До Авеля, наконец, дошло.
– Но я не могу… – забормотал он. – Я монах… я принес обеты…
– Я не приносил обетов, – резко ответил Фарисей.
Авель вздохнул. Его сознания смутно коснулась мысль, что Фарисей, так рано ставший калекой, был слишком давно лишен обычных мужских радостей – в том числе и радости убивать.
Визигард действительно был превосходным рассказчиком. Слушая его увлекательное повествование о том, как огромное чудище – морской кракен – своими щупальцами, каждое из которых было толще лошадиной ноги и гибче пастушьего хлыста, стащил с палубы галеры, плывшей с Кипра, пятерых матросов, пастор Габунд едва не забыл о монастырском уставе. Второй уже день, внимая Визигарду и глядя в его открытое лицо, иссеченное суровыми морщинами, и с такой ясной улыбкой, приор не переставал дивиться, какой это замечательный человек.
– Ах, добрый брат, какие опасности пришлось тебе преодолеть, дабы сподобиться лицезрения Святых мест! Король непременно должен услышать об этом. Быть может, это способствует… – приор не кончил фразы. Недостойно дурно отзываться о своем благодетеле, пусть даже тот и не самый примерный сын церкви.
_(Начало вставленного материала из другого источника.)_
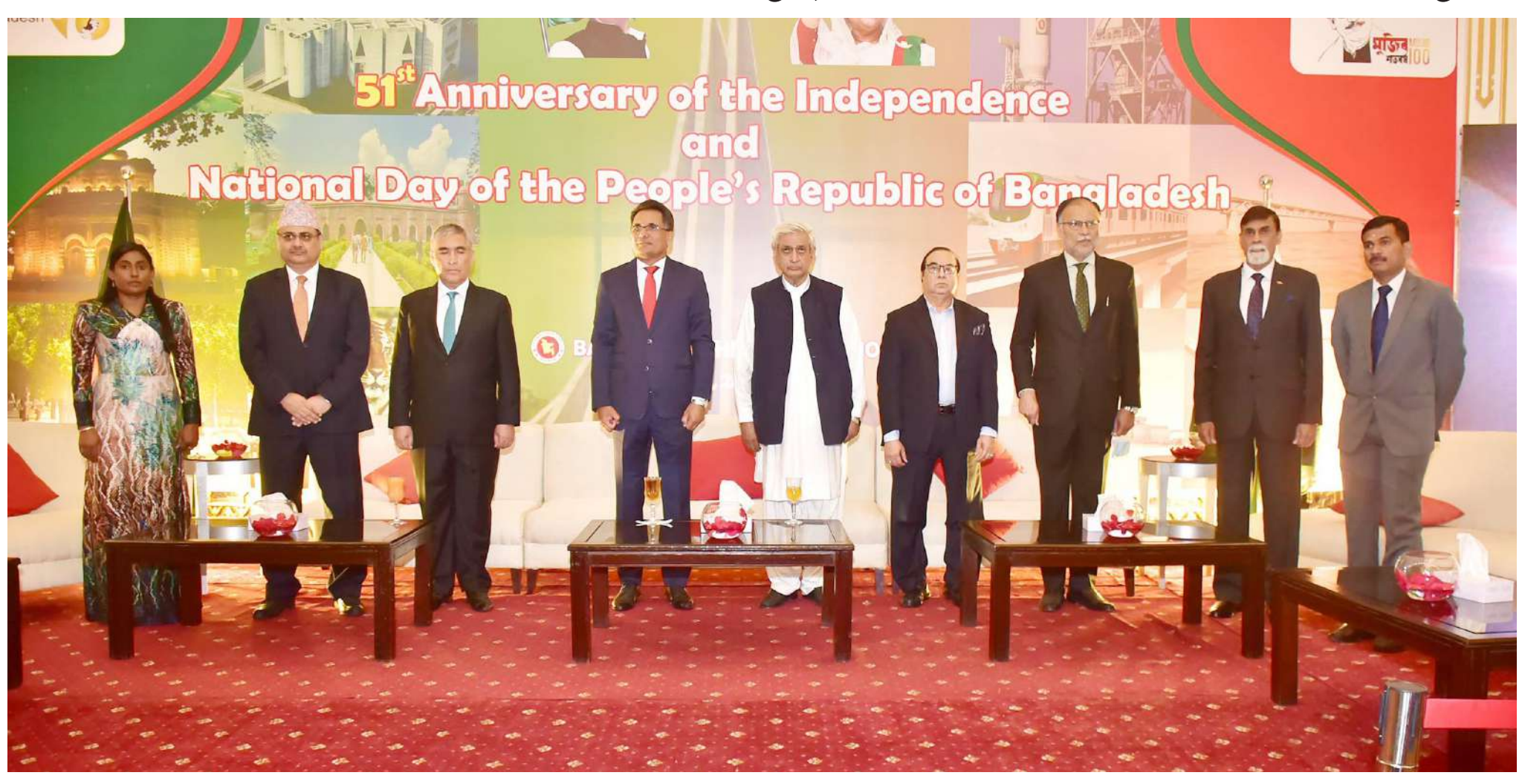
ISLAMABAD: Chief Guest Syed Fakhar Imam, Federal Minister for Food Security, PML N leader Ahsan Iqbal, High Commissioner of Bangladesh and others posing for a picture on the occasion of the Independence and National Day of Bangladesh.

Но, может быть, он станет не столь часто нарушать церковные установления…
Заметив задумчивость приора, Визигард поднялся на ноги.
– Уже поздний час, святой отец, и я утомил тебя. Позволь пожелать тебе доброй ночи и откланяться.
– Да, час поздний… а лестница, что ведет из моих покоев, узкая и крутая. Сейчас кликну кого-нибудь из братьев, чтобы посветили.
– Не стоит беспокоить братьев. Я хорошо вижу в темноте и в безопасности дойду до странноприимного дома.